The AoPS inequality:
$$
\frac{28}{\sqrt3}\geq a^3+b^3+c^3+d^3+3\left(a+b+c+d\right)+2\sqrt3 (7-4\sqrt3)\left(abcd-\frac{1}3\right)
\tag{$1$}
$$
is equivalent to
$$
14\sqrt 3\color{red}{-8}
\geq a^3+b^3+c^3+d^3+3\left(a+b+c+d\right)+(14\sqrt3-24)abcd\ .
\tag{$1'$}
$$
Which is false. Numerically, using sage:
sage: GG(a,b,c,d) = 28/sqrt(3) - (a^3+b^3+c^3+d^3) - 3*(a+b+c+d) - 2*sqrt(3)*(7-4*sqrt(3))*(a*b*c*d-1/3)
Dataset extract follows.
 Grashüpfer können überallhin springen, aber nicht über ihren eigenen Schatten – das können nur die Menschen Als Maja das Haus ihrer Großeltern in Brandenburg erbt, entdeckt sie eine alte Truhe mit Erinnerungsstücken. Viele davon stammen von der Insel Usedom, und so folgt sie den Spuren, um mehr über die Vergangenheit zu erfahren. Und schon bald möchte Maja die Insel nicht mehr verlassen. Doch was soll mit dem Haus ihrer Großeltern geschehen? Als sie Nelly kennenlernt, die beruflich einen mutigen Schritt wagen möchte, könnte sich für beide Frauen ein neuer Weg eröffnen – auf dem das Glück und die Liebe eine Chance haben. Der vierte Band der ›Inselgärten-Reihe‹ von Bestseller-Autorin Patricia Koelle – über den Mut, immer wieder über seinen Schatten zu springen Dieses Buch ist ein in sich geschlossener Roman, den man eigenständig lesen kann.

sage: A, B, C, D = 0.66, 0.66, 0.66, sqrt(4-3*0.66^2)
sage: A, B, C, D
(0.660000000000000, 0.660000000000000, 0.660000000000000, 1.64109719395287)
sage: A^2+B^2+C^2+D^2
4.00000000000000
sage: GG(A, B, C, D).n()
-0.0142154410781897
Let us consider now the other inequality:
$$
14\sqrt 3
\geq a^3+b^3+c^3+d^3+3\left(a+b+c+d\right)+(14\sqrt3-24)abcd\ ,
\tag{$2$}
$$
which is generously true, and insert some words about it.
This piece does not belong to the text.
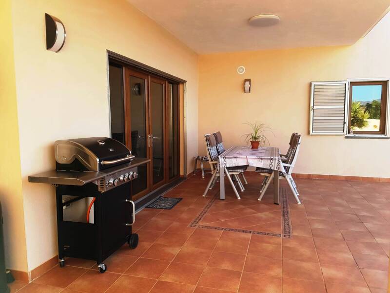 Eine große überdachte Terrasse lädt zum Grillen ein. Ein Vier-Flammen-Gasgrill sorgt für das perfekte Grillerlebnis.

We will get simple maximization inequalities for the separate expressions $abcd$, $a+b+c+d$, $a^3+b^3+c^3+ d^3$ under the constraint $a^2+b^2+c^2+d^2=4$. The first two expressions are controlled in a simple manner:
$$
\begin{aligned}
abcd &= \sqrt{(abcd)^2}= \sqrt{a^2b^2c^2d^2}
\\
&\le \sqrt{\frac 14(a^2+b^2+c^2+d^2)}=1\ ,
\\[3mm]
(a+b)^2 &\le 2(a^2+b^2)\\
(c+d)^2 &\le 2(c^2+d^2)\\
(a+b+c+d)^2 &\le 2(a+b)^2+2(c+d)^2\\
&\le 4(a^2+b^2)+4(c^2+d^2)\\
&=16\ ,\text{ so}
\\
a+b+c+d&\le 4\ .
\end{aligned}
$$
The expression $a^3+b^3+c^3+d^3$ becomes maximal in one of the corners, since applying Lagrange multiplicators, using the function
$$
F(a,b,c,d;t)=(a^3+b^3+c^3+d^3)-t(a^2+b^2+c^2+d^2-4)
$$
leads to a system with solutions either at the boundary ($a=0$ or $b=0$ or $c=0$ or $d=0$), or satisfying $a=b=c=d$, but the point $a=b=c=d=1$ is the minimal value. We want the maximal value. Let us look then closer at the boundary $d=0$. This is the "same", with one less variable. Again we get critical interior points for $a=b=c$, but at this place we have a minimum, a.s.o. - We finally get the maximal value $8=2^3+0^3+0^3+0^3$ for $a,b,c,d$ taking the values $2,0,0,0$ in a suitable order.
So the given inequality is generously satisfied. To have a rough orientation, let us type:
$$
\begin{aligned}
&(a^3+b^3+c^3+d^3)+3(a+b+c+d)+
\underbrace{(14\sqrt 3-24)}_{\in (1/5,\ 1/4)}abcd
\\
&\qquad\le 8+3\cdot 4 + (14\sqrt 3-24)
\\
&\qquad=14\sqrt 3\color{blue}{-4}
\\
&\qquad<14\sqrt 3\ .
\end{aligned}
$$
Note: I wanted to introduce some comments, but each of them was rather offensive.